Exercise prompt: Please give back word for word the lines below, from the first one through the one with "FRONTECH 22-inch (55.88cm), LED, FHD".

»»

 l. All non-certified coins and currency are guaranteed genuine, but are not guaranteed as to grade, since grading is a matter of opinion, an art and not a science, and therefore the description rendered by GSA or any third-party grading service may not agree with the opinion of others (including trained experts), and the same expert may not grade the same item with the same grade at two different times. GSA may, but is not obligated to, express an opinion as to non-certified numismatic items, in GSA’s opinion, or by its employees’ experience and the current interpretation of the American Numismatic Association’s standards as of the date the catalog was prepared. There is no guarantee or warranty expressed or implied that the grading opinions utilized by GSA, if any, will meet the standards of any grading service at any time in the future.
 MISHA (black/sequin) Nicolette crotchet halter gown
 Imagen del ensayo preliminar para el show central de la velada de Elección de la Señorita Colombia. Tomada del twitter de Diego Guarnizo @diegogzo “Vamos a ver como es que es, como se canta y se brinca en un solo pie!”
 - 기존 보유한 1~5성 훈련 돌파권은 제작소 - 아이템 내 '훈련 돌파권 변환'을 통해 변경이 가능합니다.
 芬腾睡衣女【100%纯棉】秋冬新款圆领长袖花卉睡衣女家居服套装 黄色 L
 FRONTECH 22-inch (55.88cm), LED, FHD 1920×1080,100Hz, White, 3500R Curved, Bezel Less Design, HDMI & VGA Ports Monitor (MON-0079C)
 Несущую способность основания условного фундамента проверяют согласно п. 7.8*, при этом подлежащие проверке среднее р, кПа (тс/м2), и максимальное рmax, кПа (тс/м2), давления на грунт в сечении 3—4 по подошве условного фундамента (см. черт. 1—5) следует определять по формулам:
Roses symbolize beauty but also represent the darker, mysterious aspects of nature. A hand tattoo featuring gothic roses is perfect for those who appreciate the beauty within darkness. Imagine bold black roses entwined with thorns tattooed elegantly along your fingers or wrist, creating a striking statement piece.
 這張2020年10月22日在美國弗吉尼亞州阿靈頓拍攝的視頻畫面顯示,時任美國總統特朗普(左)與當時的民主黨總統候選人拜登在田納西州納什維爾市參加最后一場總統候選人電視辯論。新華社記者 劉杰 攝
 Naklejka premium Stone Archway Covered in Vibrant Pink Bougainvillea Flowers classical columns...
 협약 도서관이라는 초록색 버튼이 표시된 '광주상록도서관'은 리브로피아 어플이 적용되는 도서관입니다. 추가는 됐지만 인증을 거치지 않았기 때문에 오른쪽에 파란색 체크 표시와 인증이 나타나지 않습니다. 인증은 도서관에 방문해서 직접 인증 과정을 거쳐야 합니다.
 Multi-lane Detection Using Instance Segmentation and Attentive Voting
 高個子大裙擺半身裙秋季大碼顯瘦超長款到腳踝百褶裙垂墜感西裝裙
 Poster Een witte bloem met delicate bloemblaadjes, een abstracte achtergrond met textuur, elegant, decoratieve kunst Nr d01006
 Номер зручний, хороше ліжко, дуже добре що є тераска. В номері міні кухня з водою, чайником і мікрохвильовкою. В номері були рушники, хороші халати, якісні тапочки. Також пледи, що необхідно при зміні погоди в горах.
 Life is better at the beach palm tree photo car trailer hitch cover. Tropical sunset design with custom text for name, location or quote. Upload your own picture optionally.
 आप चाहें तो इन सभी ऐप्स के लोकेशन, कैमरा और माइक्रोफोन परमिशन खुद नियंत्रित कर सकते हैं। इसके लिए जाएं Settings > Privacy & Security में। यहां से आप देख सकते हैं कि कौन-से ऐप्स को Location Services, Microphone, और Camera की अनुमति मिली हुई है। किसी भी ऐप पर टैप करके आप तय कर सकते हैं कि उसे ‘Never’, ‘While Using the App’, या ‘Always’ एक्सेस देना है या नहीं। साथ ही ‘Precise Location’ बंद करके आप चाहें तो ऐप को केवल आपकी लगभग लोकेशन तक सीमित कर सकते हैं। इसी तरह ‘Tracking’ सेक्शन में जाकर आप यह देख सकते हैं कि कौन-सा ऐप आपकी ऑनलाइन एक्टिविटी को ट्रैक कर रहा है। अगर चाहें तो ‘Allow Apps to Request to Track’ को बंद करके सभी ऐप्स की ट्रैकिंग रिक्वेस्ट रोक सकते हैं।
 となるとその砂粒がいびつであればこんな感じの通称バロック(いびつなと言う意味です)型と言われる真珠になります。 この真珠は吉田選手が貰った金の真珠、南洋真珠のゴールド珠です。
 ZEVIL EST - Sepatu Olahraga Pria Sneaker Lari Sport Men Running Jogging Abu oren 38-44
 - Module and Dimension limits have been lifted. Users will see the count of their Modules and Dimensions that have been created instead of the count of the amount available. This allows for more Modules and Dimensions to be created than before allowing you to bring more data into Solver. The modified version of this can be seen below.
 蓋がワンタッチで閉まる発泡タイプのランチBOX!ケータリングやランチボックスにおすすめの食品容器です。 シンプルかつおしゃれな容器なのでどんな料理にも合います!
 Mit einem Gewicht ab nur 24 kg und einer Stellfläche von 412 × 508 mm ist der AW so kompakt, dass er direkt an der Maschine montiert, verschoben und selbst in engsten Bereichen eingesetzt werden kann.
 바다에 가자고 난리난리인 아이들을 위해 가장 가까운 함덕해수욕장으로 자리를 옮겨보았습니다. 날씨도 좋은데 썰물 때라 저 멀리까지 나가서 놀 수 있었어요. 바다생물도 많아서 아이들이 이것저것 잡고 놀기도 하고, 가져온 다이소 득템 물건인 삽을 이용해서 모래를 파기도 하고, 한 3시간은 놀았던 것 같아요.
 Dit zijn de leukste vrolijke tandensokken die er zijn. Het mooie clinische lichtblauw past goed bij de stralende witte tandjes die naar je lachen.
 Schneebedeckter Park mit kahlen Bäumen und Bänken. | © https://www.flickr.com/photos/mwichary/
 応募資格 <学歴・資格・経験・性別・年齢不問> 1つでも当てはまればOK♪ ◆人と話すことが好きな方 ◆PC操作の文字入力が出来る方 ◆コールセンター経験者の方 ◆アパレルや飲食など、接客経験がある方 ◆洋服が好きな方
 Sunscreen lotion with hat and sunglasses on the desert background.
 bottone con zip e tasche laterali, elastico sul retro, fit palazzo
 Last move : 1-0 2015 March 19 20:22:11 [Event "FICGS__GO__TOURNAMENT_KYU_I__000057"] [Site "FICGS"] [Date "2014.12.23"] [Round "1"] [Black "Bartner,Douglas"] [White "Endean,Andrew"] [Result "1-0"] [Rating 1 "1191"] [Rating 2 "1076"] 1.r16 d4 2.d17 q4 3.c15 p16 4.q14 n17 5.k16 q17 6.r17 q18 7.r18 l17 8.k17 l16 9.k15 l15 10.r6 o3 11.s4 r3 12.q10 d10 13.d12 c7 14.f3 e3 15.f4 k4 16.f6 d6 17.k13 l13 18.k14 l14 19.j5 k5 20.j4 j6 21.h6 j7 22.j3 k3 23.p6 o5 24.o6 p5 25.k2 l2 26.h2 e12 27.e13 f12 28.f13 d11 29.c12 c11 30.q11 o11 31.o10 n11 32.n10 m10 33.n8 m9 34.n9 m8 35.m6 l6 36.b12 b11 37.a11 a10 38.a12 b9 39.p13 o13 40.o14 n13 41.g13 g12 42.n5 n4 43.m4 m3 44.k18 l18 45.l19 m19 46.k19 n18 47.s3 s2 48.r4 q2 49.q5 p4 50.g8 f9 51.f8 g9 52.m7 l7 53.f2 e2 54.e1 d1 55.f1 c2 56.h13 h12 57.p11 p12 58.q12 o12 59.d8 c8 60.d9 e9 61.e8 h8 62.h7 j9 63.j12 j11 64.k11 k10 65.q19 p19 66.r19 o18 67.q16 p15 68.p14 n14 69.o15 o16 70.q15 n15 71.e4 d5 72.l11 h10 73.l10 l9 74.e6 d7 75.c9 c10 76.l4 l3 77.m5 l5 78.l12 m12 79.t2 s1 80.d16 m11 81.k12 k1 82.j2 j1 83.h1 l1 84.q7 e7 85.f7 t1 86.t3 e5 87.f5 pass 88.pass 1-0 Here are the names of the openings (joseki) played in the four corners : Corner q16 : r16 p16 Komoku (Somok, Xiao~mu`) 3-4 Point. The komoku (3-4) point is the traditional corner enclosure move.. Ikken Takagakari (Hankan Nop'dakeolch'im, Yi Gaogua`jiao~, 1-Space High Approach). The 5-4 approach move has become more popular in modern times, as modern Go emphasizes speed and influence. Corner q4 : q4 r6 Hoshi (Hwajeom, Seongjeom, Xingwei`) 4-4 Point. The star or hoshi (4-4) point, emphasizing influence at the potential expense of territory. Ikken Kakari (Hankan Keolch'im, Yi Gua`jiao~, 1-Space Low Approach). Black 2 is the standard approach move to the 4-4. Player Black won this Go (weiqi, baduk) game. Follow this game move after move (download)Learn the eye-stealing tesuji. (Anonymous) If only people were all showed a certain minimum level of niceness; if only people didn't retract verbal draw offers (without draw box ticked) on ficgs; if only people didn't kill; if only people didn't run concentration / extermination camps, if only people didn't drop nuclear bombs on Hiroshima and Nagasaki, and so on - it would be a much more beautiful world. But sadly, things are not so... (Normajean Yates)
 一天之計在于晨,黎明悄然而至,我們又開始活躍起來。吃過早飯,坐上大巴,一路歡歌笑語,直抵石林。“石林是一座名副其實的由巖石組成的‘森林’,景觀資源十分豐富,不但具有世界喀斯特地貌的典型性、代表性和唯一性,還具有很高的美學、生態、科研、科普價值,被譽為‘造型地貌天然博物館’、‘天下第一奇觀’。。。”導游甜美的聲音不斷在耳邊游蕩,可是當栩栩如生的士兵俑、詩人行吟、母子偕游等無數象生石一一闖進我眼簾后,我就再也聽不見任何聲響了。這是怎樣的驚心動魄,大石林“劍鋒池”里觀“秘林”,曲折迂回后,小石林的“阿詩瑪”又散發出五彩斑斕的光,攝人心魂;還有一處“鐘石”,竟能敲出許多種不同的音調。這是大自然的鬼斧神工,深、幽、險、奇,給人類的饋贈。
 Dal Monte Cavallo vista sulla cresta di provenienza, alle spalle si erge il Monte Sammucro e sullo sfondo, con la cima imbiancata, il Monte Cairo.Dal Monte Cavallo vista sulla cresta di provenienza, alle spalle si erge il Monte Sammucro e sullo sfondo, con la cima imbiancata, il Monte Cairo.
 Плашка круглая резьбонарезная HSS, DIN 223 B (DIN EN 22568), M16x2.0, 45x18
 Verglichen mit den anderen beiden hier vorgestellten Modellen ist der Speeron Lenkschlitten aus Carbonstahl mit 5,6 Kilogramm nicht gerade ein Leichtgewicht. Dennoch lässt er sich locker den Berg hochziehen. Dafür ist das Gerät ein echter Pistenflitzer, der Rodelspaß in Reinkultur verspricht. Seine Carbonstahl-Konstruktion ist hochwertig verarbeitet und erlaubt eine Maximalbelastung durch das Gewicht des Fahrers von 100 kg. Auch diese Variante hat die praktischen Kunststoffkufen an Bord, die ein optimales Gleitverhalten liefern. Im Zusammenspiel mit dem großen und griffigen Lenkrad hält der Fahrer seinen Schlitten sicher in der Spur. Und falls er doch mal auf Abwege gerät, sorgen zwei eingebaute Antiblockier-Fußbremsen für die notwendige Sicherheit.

««

Expected answer:
 l. All non-certified coins and currency are guaranteed genuine, but are not guaranteed as to grade, since grading is a matter of opinion, an art and not a science, and therefore the description rendered by GSA or any third-party grading service may not agree with the opinion of others (including trained experts), and the same expert may not grade the same item with the same grade at two different times. GSA may, but is not obligated to, express an opinion as to non-certified numismatic items, in GSA’s opinion, or by its employees’ experience and the current interpretation of the American Numismatic Association’s standards as of the date the catalog was prepared. There is no guarantee or warranty expressed or implied that the grading opinions utilized by GSA, if any, will meet the standards of any grading service at any time in the future.
 MISHA (black/sequin) Nicolette crotchet halter gown
 Imagen del ensayo preliminar para el show central de la velada de Elección de la Señorita Colombia. Tomada del twitter de Diego Guarnizo @diegogzo “Vamos a ver como es que es, como se canta y se brinca en un solo pie!”
 - 기존 보유한 1~5성 훈련 돌파권은 제작소 - 아이템 내 '훈련 돌파권 변환'을 통해 변경이 가능합니다.
 芬腾睡衣女【100%纯棉】秋冬新款圆领长袖花卉睡衣女家居服套装 黄色 L
 FRONTECH 22-inch (55.88cm), LED, FHD 1920×1080,100Hz, White, 3500R Curved, Bezel Less Design, HDMI & VGA Ports Monitor (MON-0079C)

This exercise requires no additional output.